Work to complete
Pictures do not belong in the copy. Write out exactly the lines from the one containing "韩冰书记总结发言,她进一步指" through the end of the data.

Data segment
────────────────────
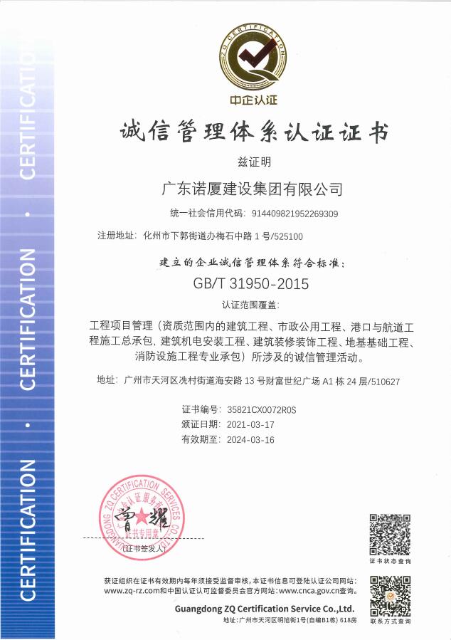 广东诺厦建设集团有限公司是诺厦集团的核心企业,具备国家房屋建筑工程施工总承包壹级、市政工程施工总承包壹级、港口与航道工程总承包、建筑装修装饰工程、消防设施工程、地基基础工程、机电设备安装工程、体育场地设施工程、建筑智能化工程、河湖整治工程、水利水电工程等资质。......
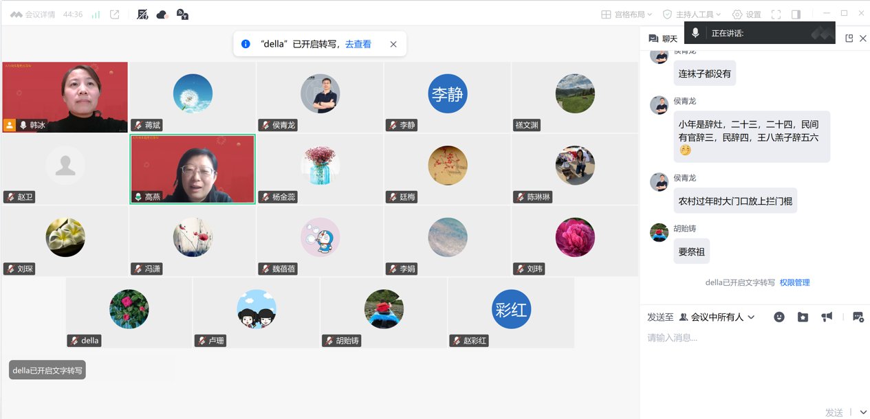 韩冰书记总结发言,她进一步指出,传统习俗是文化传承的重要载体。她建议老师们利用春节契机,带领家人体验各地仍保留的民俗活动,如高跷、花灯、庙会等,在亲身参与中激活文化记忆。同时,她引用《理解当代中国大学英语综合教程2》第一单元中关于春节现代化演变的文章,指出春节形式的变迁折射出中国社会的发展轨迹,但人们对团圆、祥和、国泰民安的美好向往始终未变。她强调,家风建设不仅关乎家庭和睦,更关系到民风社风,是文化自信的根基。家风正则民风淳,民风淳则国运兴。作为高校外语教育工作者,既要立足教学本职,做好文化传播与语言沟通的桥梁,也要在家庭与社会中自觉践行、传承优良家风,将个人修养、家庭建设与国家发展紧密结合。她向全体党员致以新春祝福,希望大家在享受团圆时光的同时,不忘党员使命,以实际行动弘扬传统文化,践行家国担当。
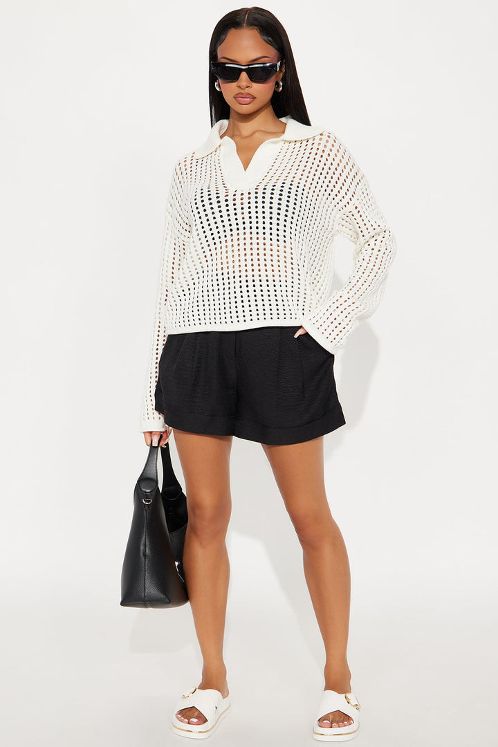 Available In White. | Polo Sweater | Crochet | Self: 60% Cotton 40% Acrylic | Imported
────────────────────
Task solution
 韩冰书记总结发言,她进一步指出,传统习俗是文化传承的重要载体。她建议老师们利用春节契机,带领家人体验各地仍保留的民俗活动,如高跷、花灯、庙会等,在亲身参与中激活文化记忆。同时,她引用《理解当代中国大学英语综合教程2》第一单元中关于春节现代化演变的文章,指出春节形式的变迁折射出中国社会的发展轨迹,但人们对团圆、祥和、国泰民安的美好向往始终未变。她强调,家风建设不仅关乎家庭和睦,更关系到民风社风,是文化自信的根基。家风正则民风淳,民风淳则国运兴。作为高校外语教育工作者,既要立足教学本职,做好文化传播与语言沟通的桥梁,也要在家庭与社会中自觉践行、传承优良家风,将个人修养、家庭建设与国家发展紧密结合。她向全体党员致以新春祝福,希望大家在享受团圆时光的同时,不忘党员使命,以实际行动弘扬传统文化,践行家国担当。
 Available In White. | Polo Sweater | Crochet | Self: 60% Cotton 40% Acrylic | Imported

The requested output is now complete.